For the uninitiated, airflow is a data processing framework, a glorified cron scheduler, if you will, but as most python developers might put it...
With batteries included
We have two instances of airflow running at Lok Suvidha. This article covers, the more interesting use case. I'll be following up with another post for the second instance.
Why? The prologue...
To understand the problem, we first have to be familiar with a bit of financial jargon. Every month, we receive loan EMIs from our customers. The way this works is, our customers have signed a mandate, with us, giving us the authority to deduct EMI from their bank account. Thankfully we have NPCI and NACH which allows for centralized processing with every bank.

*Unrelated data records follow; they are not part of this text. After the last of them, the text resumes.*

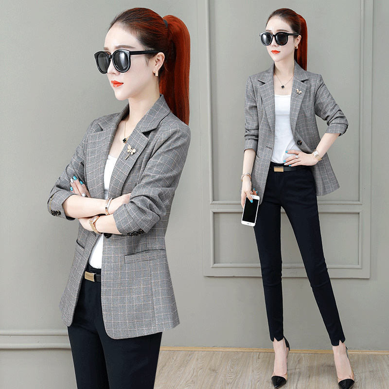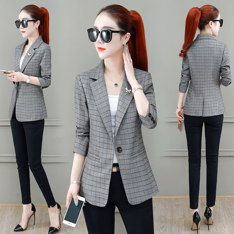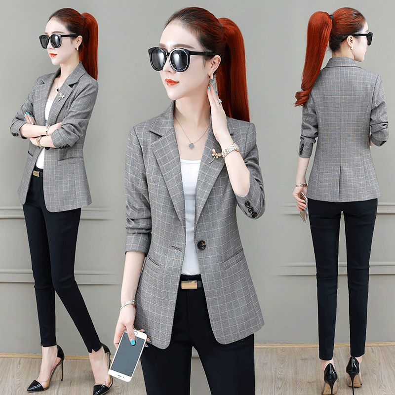 Early spring white plaid small suit jacket women 2020 new spring and autumn wear thin coat February August leisure suit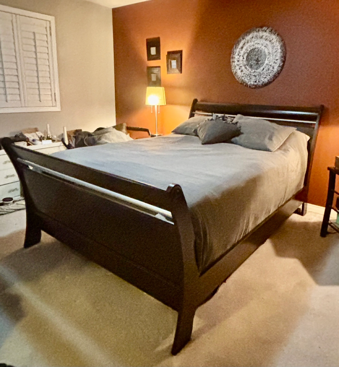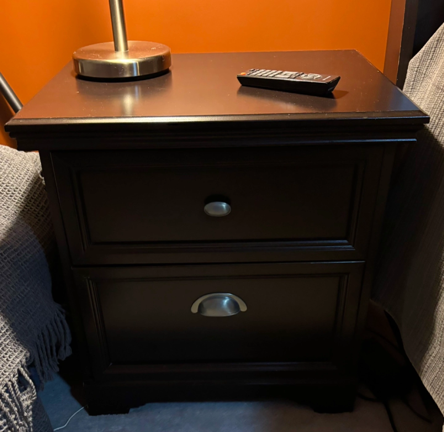 Dark brown sleigh bed, includes headboard and footboard. Matching nightstand with two drawers. Both in good condition. Selling as a set. Make an offer. Quick pick up preferred, Better price for quick pickup.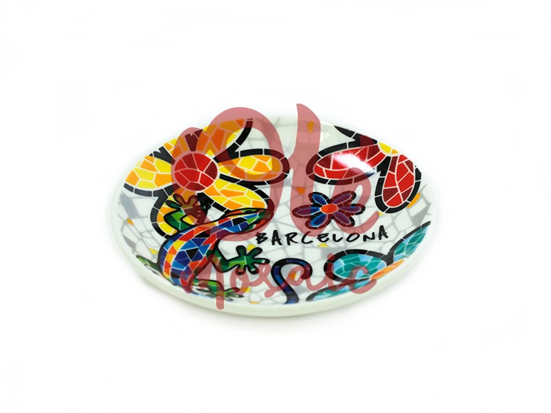 This 10 cm ceramic plate, with a vibrant salamander and flower design, is a distinctive souvenir from Barcelona, ideal for those seeking an authentic keepsake. This attractive plate features a white background on which a colorful salamander unfolds in blue and green tones. Surrounding this emblematic element, we find a cluster of flowers in striking reds, yellows, and blues, evoking the rich flora of the region. The intricate trencadís design, characteristic of the famous architect Antoni Gaudí, highlights the product’s connection to the modernist art that can be appreciated in many of the city’s monuments.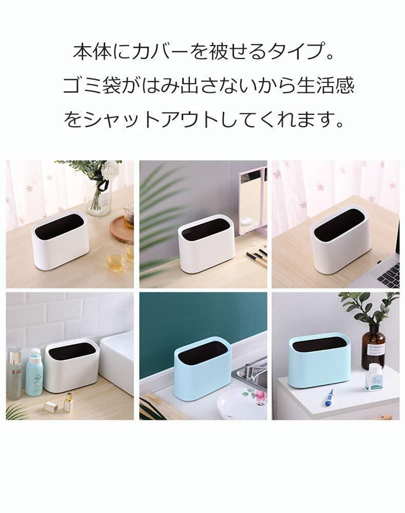 使い方はポリ袋をスッポリ入れてカバーを被せるだけ。袋が外に見えず、見た目も清潔なミニゴミ箱。
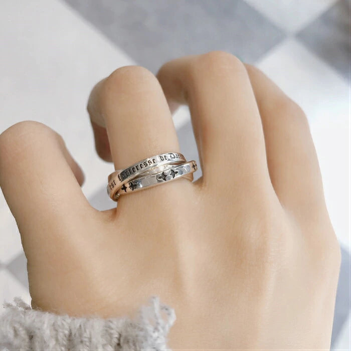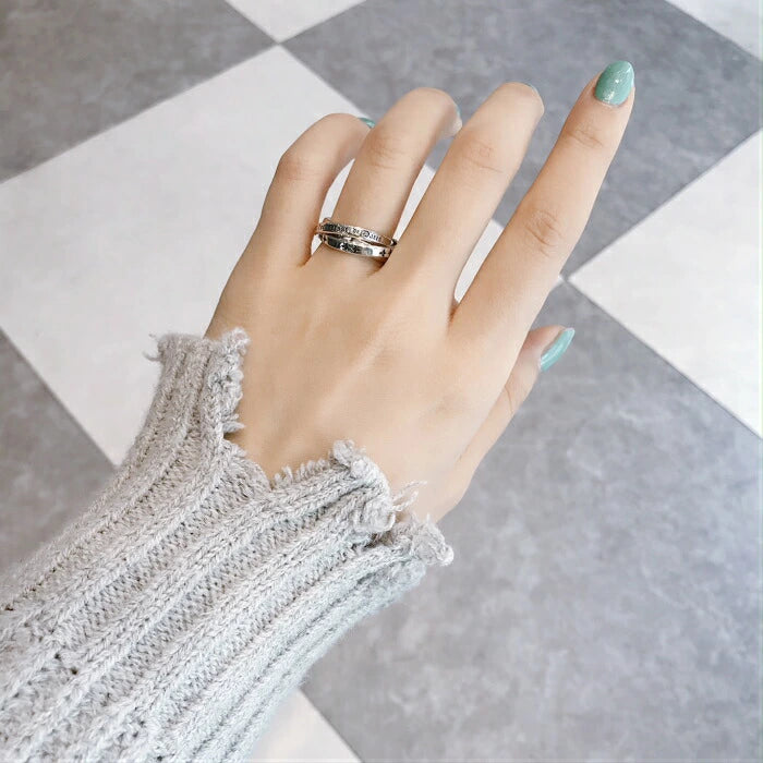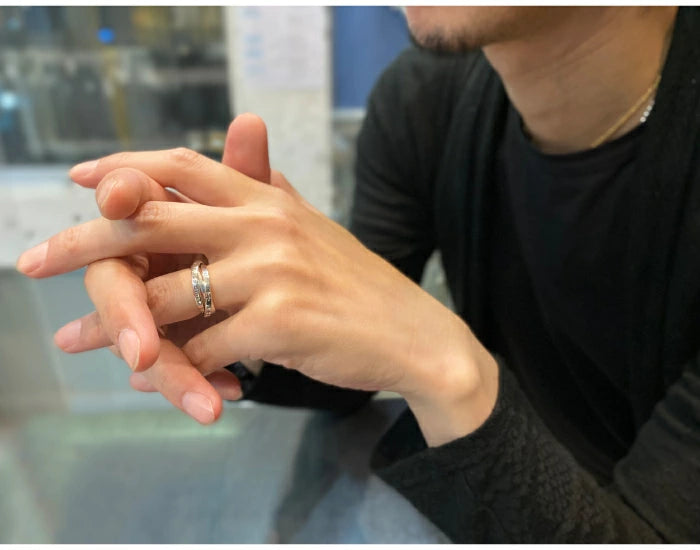 プレーン、文字彫刻、ユリのモチーフと、それぞれ異なる表情をもつリングが重なり合い、シンプルながら奥行きのある存在感を放ちます。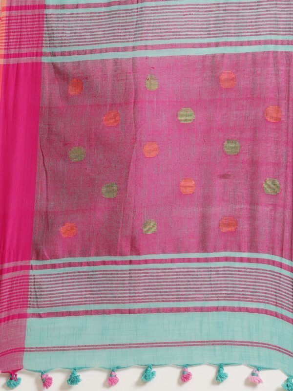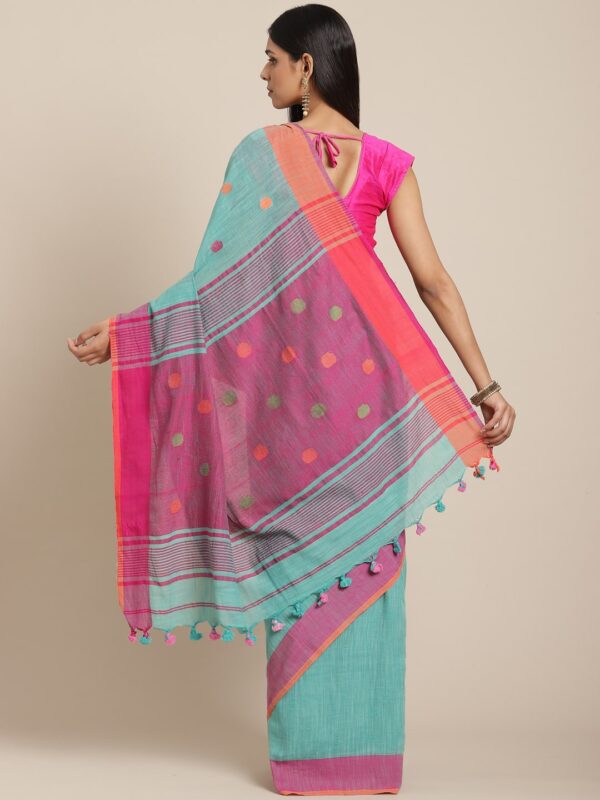 The Handloom sari is a traditional Indian attire that can be worn on all occasions, be it a wedding or a religious event. It has become very popular among women in India. This handloom sari is made from soft cotton fabric and decorated with multi-color thread-weaved designs to give it an elegant look. This beautiful sari is a great investment piece and can be worn on all occasions. It comes with an unstitched blouse piece which will fit perfectly with your body type.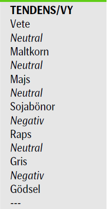 USDA justerade ner prognosen för utgående lager i majs till den lägsta nivån sedan 1973. Innan nästa skörd på norra halvklotet väntas lagren räcka i 45 dagar. 1973 var lagret 37 dagars global konsumtion. Vetelagren i Europa väntas vara på riktigt låg nivå den sista juni. Vi är inte negativa till priset på spannmålen majs, vete och maltkorn, utan neutrala. Vi kan inte avgöra om den ansträngda lagersituationen kommer att leda till högre priser eller om ransonering av efterfrågan kommer att vara tillräcklig.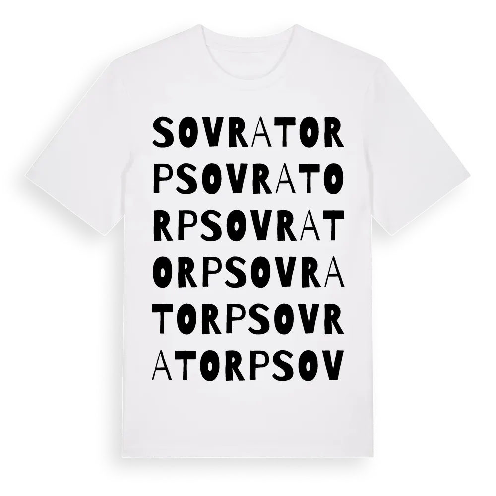 Sovratorp ordlek t-shirt är inspirerad av Sovratorp i Kronobergs län, Sverige. Tröjan är designad för dig som har en speciell koppling till platsen – oavsett om du bor här, har rötterna här eller bara älskar Sovratorp.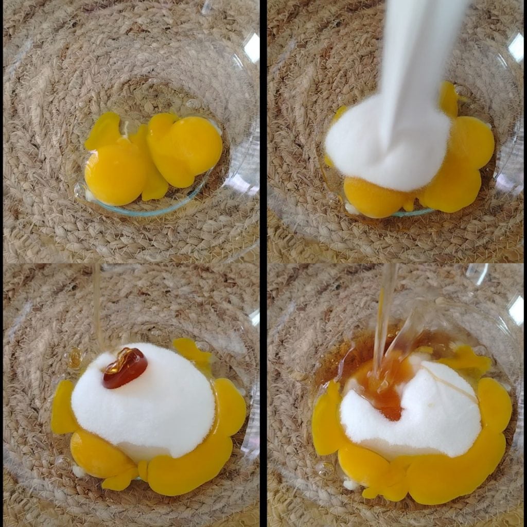 • In a large bowl, place the eggs, sugar, honey, and vegetable oil.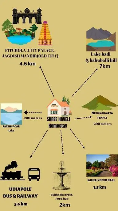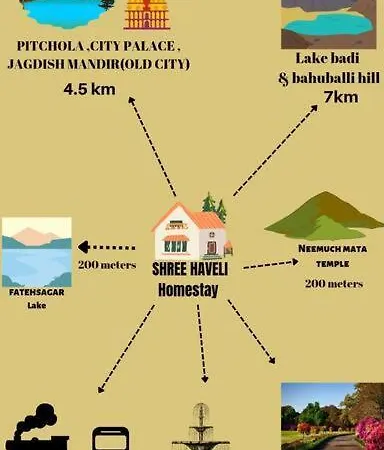 Jagdish Tapınağı'dan 3 km mesafede konumlanan Shree Haveli Homestay dairesinin 24-saat güvenlik, döviz bürosu gibi birçok olanağı vardır. Daire, Pichola Gölü'a arabayla 10 dakikalık mesafede bulunur.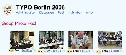 Wir empfehlen – falls noch nicht angeschaut – zwei sehenswerte Diashows mit den Highlights der TYPO 2006: zum einen die Bezauberndste Bilder-Show mit Aufnahmen des langjährigen TYPO-Fotografen Gerhard Kassner, inklusive musikalischer Untermalung. Und dann gibt es noch die auf inzwischen 20 Mitglieder angewachsene TYPO-2006-Gruppe auf Flickr, mit rund 300 persönlichen Impressionen.

Every month, we have this activity where we present emi collection request for our customers. This is done by generating a list of customers from whose bank account the emi is to be collected, sending this list to our sponsor bank and waiting for the bank to credit the amount from the customer's bank account to our bank account. This happens at a bulk level, ie, for each customer, we don't receive a single amount credited, we receive a bulk amount for all the customers. For example, for 10 customers for whom we are awaiting credit, each having an emi of 10Rs, the total amount is 100Rs, we will receive 100Rs and not 10Rs 10 times in our account. Additionally, some customers may even bounce ie. have insufficient funds in their bank accounts for us to debit. So eventually out of the 100Rs that were to be received we might end up getting 90Rs. This is an important point, which will come up later. Now, when we receive the credit, there are several actions that need to be taken - a. Mark received/bounced against a customer. b. Apply bouncing charges if any. c. Reconcile, the bulk payment received from the bank. ie, check if the payment received in our account, is equal to the sum total of credits, the bank has given us against each customer.
Now, we come to the technical part. The entire activity is a huge, SQL transaction. This all or nothing approach keeps the system in a consistent state. Now, with transactions, all sorts of things can go wrong. Especially, when you have several transactions, all happening at once, some will conflict, others will timeout. We have faced this in the past where sometimes the entire DB got locked, and then the team went on a scavenger hunt to find the transaction that's blocking.
How? The date with Airflow...
So we want to solve the classic deadlock problem. Classic problems, also have classic solutions, and the immediate one is with a Queue. So Kafka? Right?
Turns out, the answer lies in the context, and our experiences thus far. Deadlocks come in all shapes and sizes. So do bugs. No matter how resilient your systems are, one must prepare for eventual failures. Additionally, if one is failing fast, one should also recover fast.
The Kafka approach would be to keep two partitions, one is the main queue and the other is the failure queue. If something goes awry in the main queue, it is moved to the failure queue and requeued after the bug is fixed, or deadlock is resolved after a delay. It is a relatively complex architecture which might require additional plumbing(logging, runtime tracking etc) to get right correctly.
In comes airflow. The two most important features that were of utmost importance were, the airflow-rest-api and BashOperator. Now akin to our previous example, the flow is:
1. Upload the bank clearing file to storage.
2. Start the processing job, via a GET call to the airflow server and by passing a json configuration object.
3. A bash job is started with the configuration object being passed as a parameter to the script.
Yes, we are using airflow as simply a task queue with none of its scheduling capabilities. Why? because just the tooling around it is so good! We have clear visibility into logging, alerting mechanisms are baked right into it, with a task parallelism of 1, we ensure no other transaction gets in between.
Soon, we extended this into a framework, whereby all things accounting are pushed through this "queue". There's a router script at the very front which, depending on the configuration object, routes the code flow. Essential, and long running tasks like day end etc have been moved here.
Keep it simple sweet
I had a Problem, so I decided to use java, now I have a ProblemFactory
The key takeaway, and our north star deciding our choices is the desire to keep the code simple, linear and predictable. We have dealt with complex MVCs and ORMs that jump over 10 different files to perform a simple SELECT query. It is okay to have complex external tooling that keeps watch over the pipeline. However, introducing code that has nothing to do with business logic and is only there for squashing bugs that came up because of a really cool asynchronous callback driven architecture is not really, cool.